A Refactoring Story in Four Parts

I recently tweeted about how people new to programming, or companies that look for candidates and give them programming tests, don't understand that the first code one writes is just a draft. It can take several edits (so-called "refactors") to tease out a good, workable, testable, and ultimately simple solution. So here's a story of how I recently refactored my code 3 times before arriving at a final solution. This happened over the span of a day as I thought about and shaped the code into a format that can be easily tested and understood by others. The code is from a private project, so I am only presenting snippets here and some of the package names and variables have been changed for privacy.

I start at Version 0, which is that I just wanted to get code written that compiled and fleshed out the business logic.

Version 0

package main

import (
  "log"
  "os"
)

type CliEnv struct {
  CustomerId        string
  DynamoDBTableName string
  DomainName        string
}

func main() {
  env := CliEnv{
    CustomerId:        os.Getenv("CUSTOMER_ID"),
    DynamoDBTableName: os.Getenv("DDB_TABLE_NAME"),
    DomainName:        os.Getenv("DOMAIN_NAME"),
  }

  if err := svc.Process(env); err != nil {
    log.Fatalln(err)
  }
}

This version just does the bare minimum and doesn't have any error-checking, unless that job is punted to the svc.Process() method (which it isn't). So the first refactor is that the CliEnv struct contents need to be validated.

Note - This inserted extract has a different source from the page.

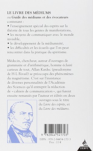 Les moyens de communiquer avec le monde invisible, le développement de la médiumnité, les difficultés dans la pratique du spiritisme... Le livre des Médiums - Allan Kardec - Guide des médiums et des évocateurs contenant : o l'enseignement spécial des esprits sur la théorie de tous les genres de manifestations, o les moyens de communiquer avec le monde invisible, o le développement de la médiumnité, o les difficultés et les écueils que l'on peut rencontrer dans la pratique du spiritisme. Médecin, chercheur, auteur d'ouvrages de grammaire et d'arithmétique, homme éclairé curieux de tout, Allan Kardec (pseudonyme de H-L Rivail) se préoccupa des phénomènes du magnétisme. C'est sur l'insistance de diverses personnalités de l'Académie des Sciences qu'il entreprit la rédaction de " cahiers de communication ", qui furent ensuite remaniés par l'auteur et édités en deux ouvrages sous le titre du Livre des esprits, et du Livre des médiums.
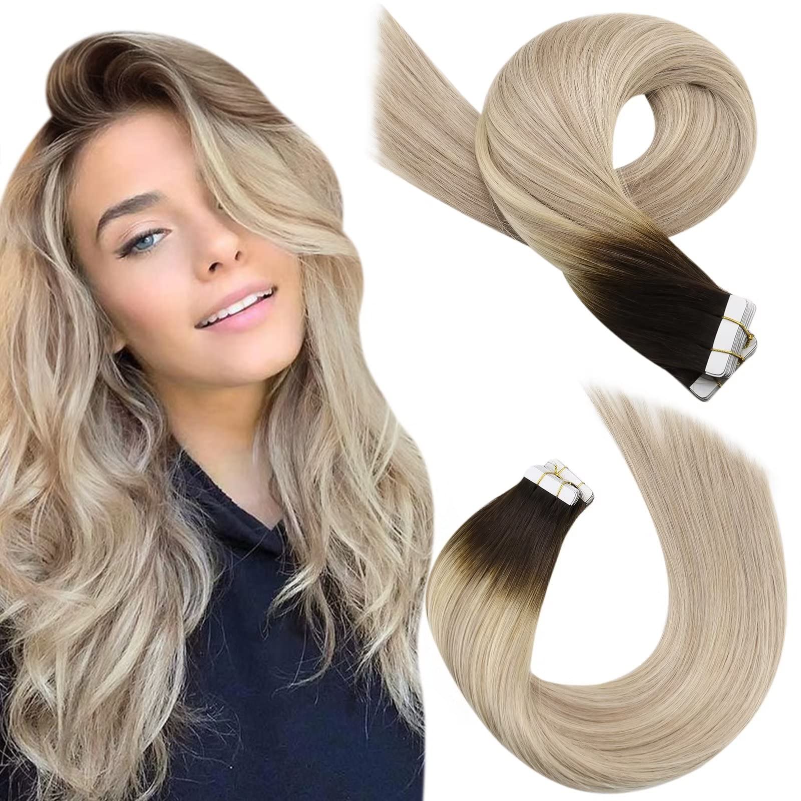 Moresoo Tape in Human Hair Extensions Real Hair Tape in Extensions Brown Root Ombre to Golden Blonde with Platinum Blonde Hair Extensions Human Hair Tape in 14 Inch 20 Pcs/50g #3/12/613 14 Inch #3/12/613

Let's do that in Version 1.

Version 1

... previous code omitted ...

func (e CliEnv) Validate() error {
  if e.CustomerId == "" {
    return errors.New("Missing CustomerId")
  }

  if e.DynamoDBTableName == "" {
    return errors.New("Missing DynamoDBTableName")
  }

  if e.DomainName == "" {
    return errors.New("Missing DomainName")
  }

  return nil
}

This is fairly straightforward for validating the a struct's contents, but it has a few problems with it:

The last issue was what bothered me the most because I like to be informed of all the issues during validation, not just the first. The other issues are minor and can be solved at any time. But being that I like to tackle easy things first, let's fix the small issues.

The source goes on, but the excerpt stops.